I conclude that an extradition order is not disproportionate in this case given the appellant’s fugitivity and his limited ties to the United Kingdom, built as they have been in full knowledge of his fugitivity. I cannot accept that his fugitivity is “merely technical” as he asserts. I am satisfied, and the Judge found, that he deliberately evaded the criminal proceedings he was aware of. At no point has he informed the Romanian authorities of his presence in the United Kingdom in flagrant and deliberate breach of his notification duties under article 108. The public interest in this case includes returning a fugitive from Romanian justice and thereby honouring the United Kingdom’s international treaty obligations; preventing this country becoming or being perceived to be a “safe haven” for fugitives from justice (HH); and preventing “crime or disorder” (ECHR article 8(2)), cited in Andrysiewicz at para 15. These are all, in article 8 terms, “necessary in a democratic society”.

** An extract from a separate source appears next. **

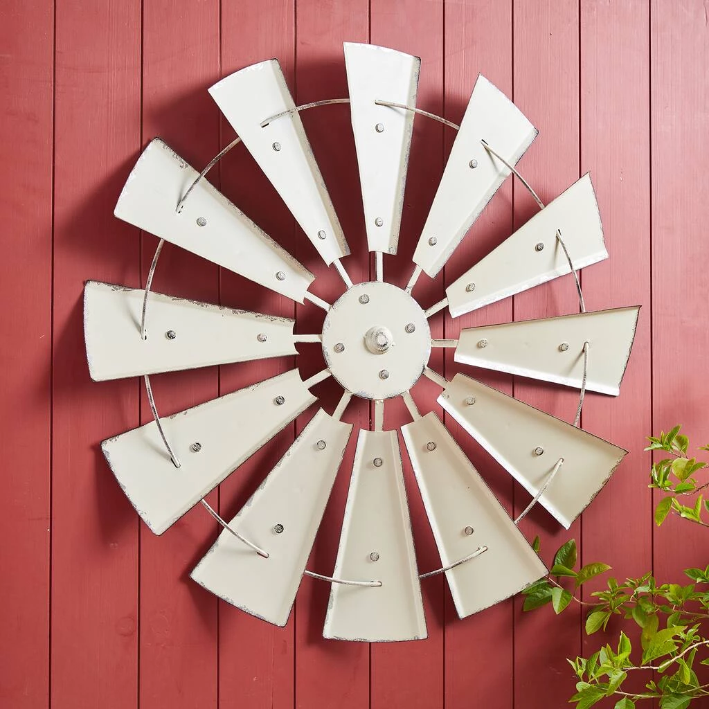 Bring the feel of a rustic farmhouse to your home with this galvanized fan-shaped wall dΓ©cor. This beige wind spinner is made of premium, 5 mm metal, so it’s sturdy and rustproof. The surface of the spinner has been processed with environment-friendly materials, and is coated with SGS-certified paint. Flanging on both sides give the fan depth. The gourd hole in the back allows for easy hanging.

The impact on his article 8 rights and more broadly those of his family is not “exceptionally severe”. While there is no exceptionality test (HH, paras 8-15; recently recognised in this court by ), the impact is not of a nature or degree to outweigh the subsisting and strong public interest, despite the nature of his offending, which I have particular regard to, conscious that it would not result in a sentence of imprisonment in the United Kingdom. But I must respect the judgment of the properly constituted Romanian court. As said by the Supreme Court in Norris, in an authority also considered by the Judge, in order to outweigh the public interest in extradition of a fugitive, the interference with human rights must be “extremely serious” (para 55). The court said at para 82 that
“only the gravest effects of interference with family life will be capable of rendering extradition disproportionate to the public interest that it serves”

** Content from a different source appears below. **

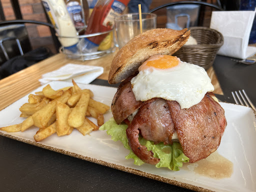 Cuando llegó el momento de los principales, la elección no fue fácil. En la carta había bastantes opciones, con bocadillos y platos combinados muy apetecibles, pero nos apetecía una hamburguesa. Y aunque había sugerencias interesantes, el servicio nos ofreció dos alternativas fuera de cara por la que nos decantamos: la hamburguesa de rabo de toro y la de gorrín, dos propuestas que ya nos llamaban la atención solo por lo inusual de su presentación en una cervecería.

That is not the case here. Therefore, a return order is not disproportionate nor incompatible with the appellant’s article 8 rights or those of his family.
VI - Disposal
I return to the fresh evidence application. If the Fenyvesi fresh evidence test at para 32 of the Divisional Court’s judgment is applied strictly, as it must be, the evidence sought to be adduced by the appellant is not “decisive”. Its admission would not result in the appellant’s discharge. Therefore, the application to adduce the evidence sought by the appellant is refused. As a consequence, the evidence sought to be adduced by the respondent in reply falls away and is refused. There is nothing remaining for it to reply to. It will be clear from the substance of my judgment that, as agreed by the parties, I have fully considered the evidence on a de bene esse basis.
Turning back to the merits of the appeal, the two grounds relied upon by the appellant fail. The appeal is dismissed.